Directions for this task
Using the records below, write out again exactly the lines that begin at the line containing "今回セレクトしたのは、この精" and end at the line containing "If the number", and no other lines.

Provided entries
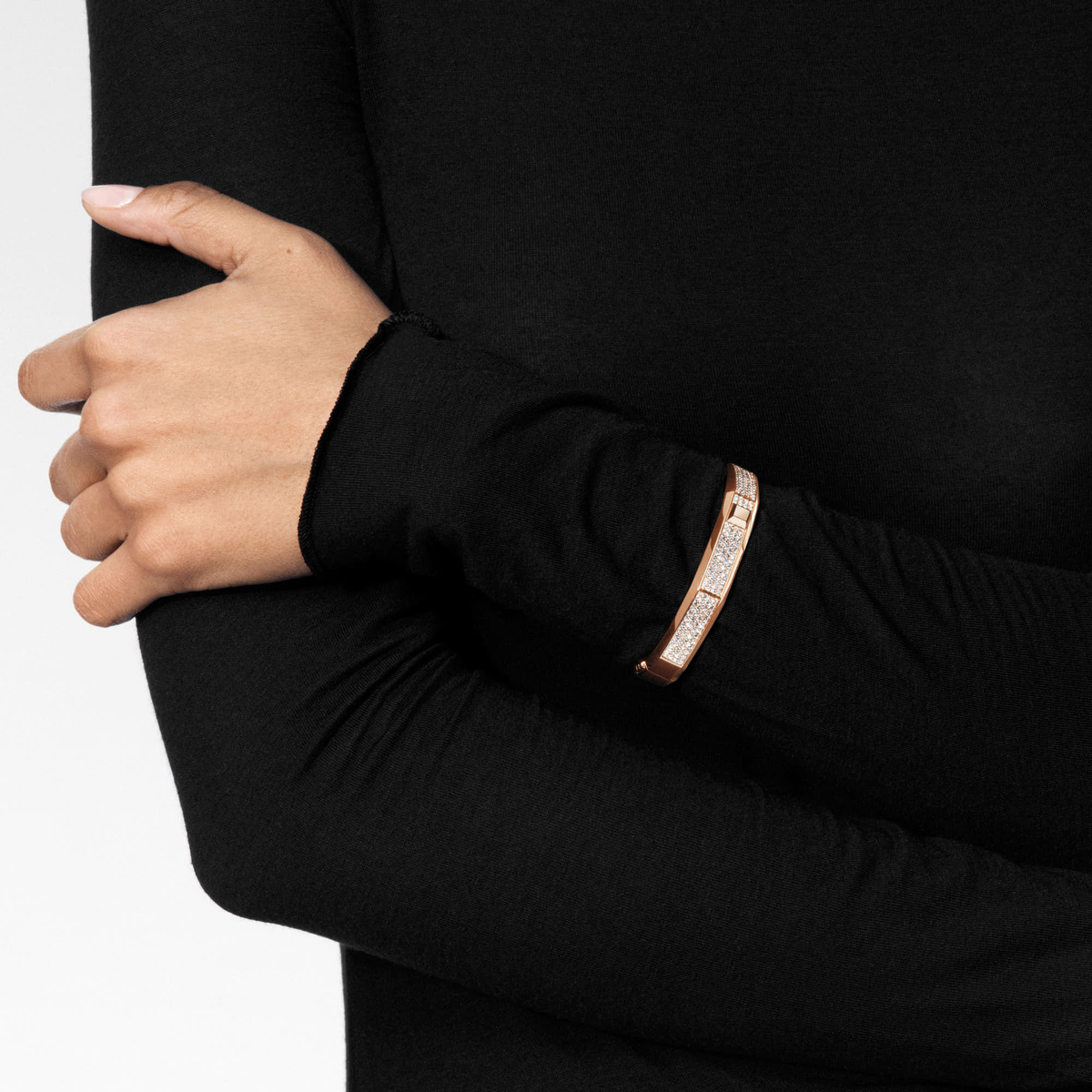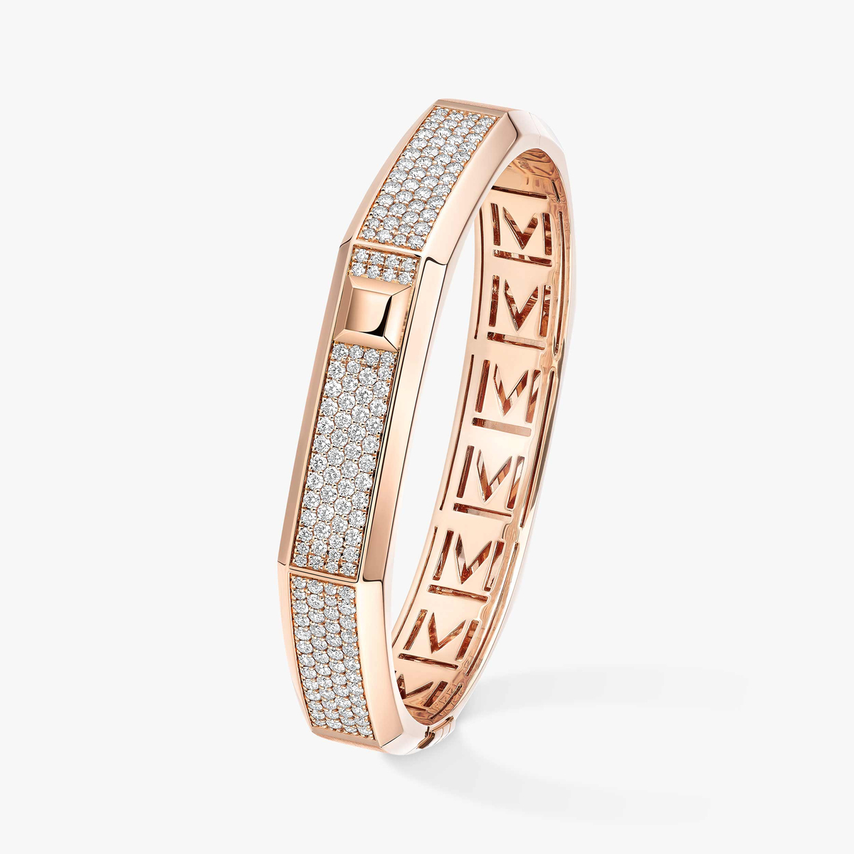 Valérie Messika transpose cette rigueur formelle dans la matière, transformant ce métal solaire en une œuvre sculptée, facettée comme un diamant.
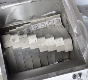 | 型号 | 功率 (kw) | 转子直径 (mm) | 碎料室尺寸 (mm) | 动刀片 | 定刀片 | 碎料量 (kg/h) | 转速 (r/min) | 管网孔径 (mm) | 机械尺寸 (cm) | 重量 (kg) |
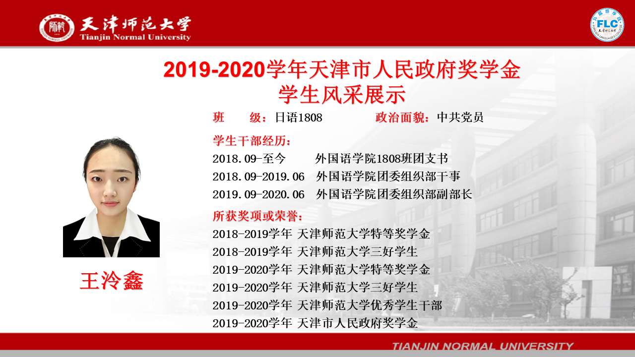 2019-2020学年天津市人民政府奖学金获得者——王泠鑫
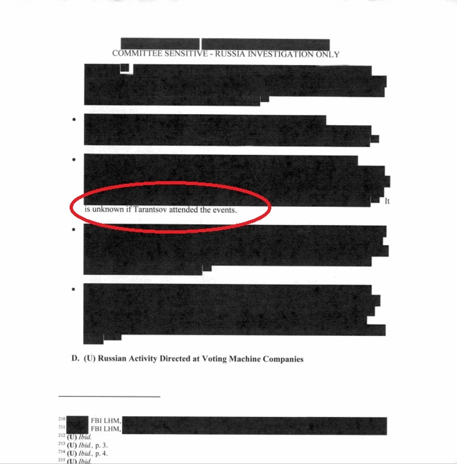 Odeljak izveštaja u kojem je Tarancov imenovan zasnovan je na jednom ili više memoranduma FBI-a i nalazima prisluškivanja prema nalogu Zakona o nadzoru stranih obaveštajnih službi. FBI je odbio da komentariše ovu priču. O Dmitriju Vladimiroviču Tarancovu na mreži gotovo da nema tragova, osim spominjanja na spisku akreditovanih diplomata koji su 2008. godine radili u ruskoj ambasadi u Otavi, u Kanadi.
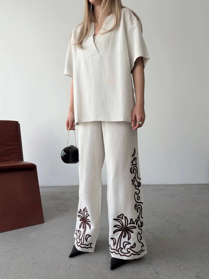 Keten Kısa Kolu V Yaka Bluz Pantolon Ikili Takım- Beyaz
--
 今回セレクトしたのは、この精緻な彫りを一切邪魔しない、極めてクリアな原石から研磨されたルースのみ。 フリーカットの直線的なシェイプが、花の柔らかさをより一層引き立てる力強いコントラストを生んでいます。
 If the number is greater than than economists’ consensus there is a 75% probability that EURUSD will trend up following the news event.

Task solution
 今回セレクトしたのは、この精緻な彫りを一切邪魔しない、極めてクリアな原石から研磨されたルースのみ。 フリーカットの直線的なシェイプが、花の柔らかさをより一層引き立てる力強いコントラストを生んでいます。
 If the number is greater than than economists’ consensus there is a 75% probability that EURUSD will trend up following the news event.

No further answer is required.